En los próximos días, la presidenta Keiko Fujimori corroborará los nombres de quienes conformarán su primer Gabinete Ministerial; no obstante, los nombres y cargos van y vienen. “Chismes no te son ajenos (…), no hay hombre que suene más”, escribiría Palma sobre las cuitas del diputado pradista José María Quimper. De todos los cargos, se espera con atención los nombres de los próximos responsables de las carteras de Economía y Finanzas, Defensa, Interior, Agricultura y, por supuesto, el de Energía y Minas. El sector minero –formal y moderno– ha dado un primer respiro de tranquilidad con el triunfo de Keiko Fujimori; ahora falta el segundo respiro de sosiego, que se dará luego de conocer el nombre del próximo titular.
¿Qué desafíos encontrará el próximo ministro del Minem? El primero es institucional. El Minem, desde el 2021 en adelante, ha dejado de ser esa isla de excelencia técnica y política que alguna vez fue. Sucede que en los últimos años se han revelado una serie de denuncias de posible corrupción de algunos funcionarios –un grupo de burócratas de planta– que habrían convertido esta “cartera clave” en un mercado de “ofertas de Reinfo”. Desde años atrás se conocen probables actos de corrupción para otorgar permisos, realizar evaluaciones y fiscalizaciones en las oficinas y direcciones de formalización de la pequeña minería y minería artesanal, así como en el sector eléctrico, donde el Minem tiene asiento y poder en las 11 empresas de distribución eléctrica, monopólicas en algunos lugares. Desde luego que hay profesionales probos en puestos claves, altamente técnicos y competentes –Mayra Figueroa o Martha Vásquez, entre otros, a quienes, dicho sea, no las conozco–. En ese sentido, el nuevo titular del Minem debe hacer una reestructuración institucional y de recursos humanos inmediata, y contar con los mejores profesionales para volver a hacer de esa institución una “isla de eficiencia”.
El otro desafío es el Reinfo. Como se sabe, se hizo una primera anulación de más de 50 mil Reinfo cuyo período de formalización había concluido. Esos más de 50 mil Reinfo no volverán. Quedan más de 31 mil Reinfo, de los cuales más de 24 mil están vigentes y más de 6 mil están suspendidos por menos de un año. El año pasado, de acuerdo con funcionarios del Minem, solo lograron formalizar alrededor de 100 Reinfo, es decir, nada. ¿Cuántos mineros con Reinfo han logrado formalizar hasta julio de este año? Huelgan comentarios. De acuerdo con la normativa, el Reinfo termina el 31 de diciembre de este año. ¿Lograrán formalizar a los más de 24 mil Reinfo vigentes? De tal manera que en los próximos meses y semanas –con el nuevo gobierno y el nuevo titular del Minem– se empiece a generar una sana discusión para la depuración técnica y rápida del Reinfo, lejos de las anteojeras ideológicas y las presiones de los mineros informales –hoy diputados y senadores– y de los gremios que defienden el establecimiento informal y feudal llamado Reinfo. De hecho, desde hace algunas semanas, la especialista Ángela Remuzgo ha venido desarrollando las posibilidades técnicas de la depuración del Reinfo.

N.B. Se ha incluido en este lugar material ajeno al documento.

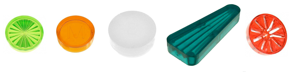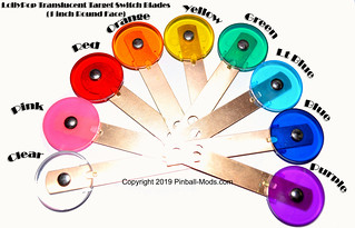 Real pinball inserts are available in various sizes and colors from a number of suppliers including Pinball Resource and Marco Specialities.
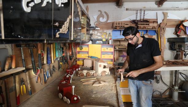 تلك الأفكار التي ما انفكت تراود عقله منذ بدء عمله عام 2007 مع شقيقه داخل منجرة الموبيليا الخاصة بهم، حتى بدأ بتنفيذ أولى الخطوات، عبر صناعة مجسم فني لمقلمة أطفال، تحوى زوايا عديدة للقرطاسية، تلاها صناعة مجموعة مجسمات لسيارات وعربات.
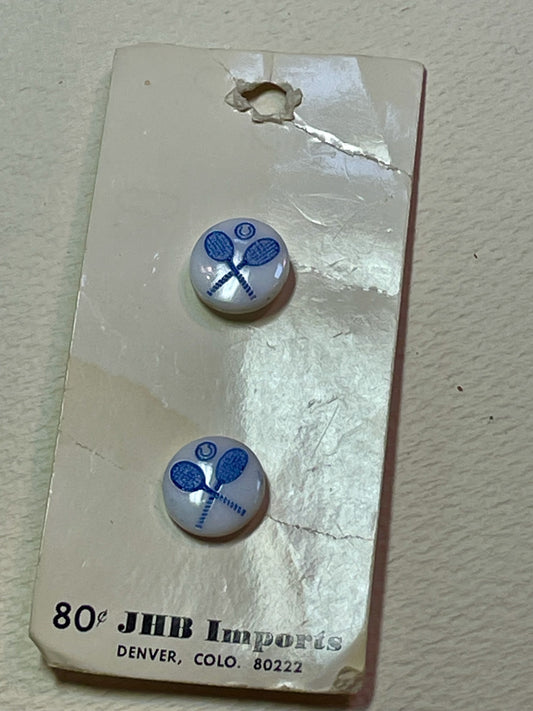 2 tennis-themed 1980s vintage novelty plastic buttons | shank style | size 13/0.33" | new old stock |
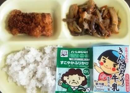 今日の給食のメニューは、イカのフライ、蒟蒻のきんぴら、麦ご飯、ふりかけ、牛乳です。

El otro desafío es Petro-Perú. Como se sabe, el 31 de diciembre del 2025, a través de un decreto de urgencia, se inició la reorganización patrimonial, financiera y operativa de Petro-Perú, a pesar de los arrebatos de los burócratas y sus sindicatos. En este nuevo escenario, Pro Inversión es la encargada de supervisar el proceso e implementar un nuevo modelo de gestión y financiamiento. Este año, a través de otro decreto de urgencia (003-2026), se permitió que Petro-Perú pueda canalizar hasta US$2.000 millones de la banca privada internacional, esquema financiero supervisado por Pro Inversión –llamado vehículo de propósito especial o VPE– que separa el dinero nuevo de las deudas antiguas y con ello evita más “salvatajes” estatales. El nuevo gobierno y el nuevo titular del Minem deberían continuar con la estrategia viabilizada por Pro Inversión que –de ser un éxito– permitirá que para el 2032 la empresa sea financieramente autosostenible.
Tres retos: complejos, difíciles, pero técnica y políticamente posibles para quien será el nuevo ministro.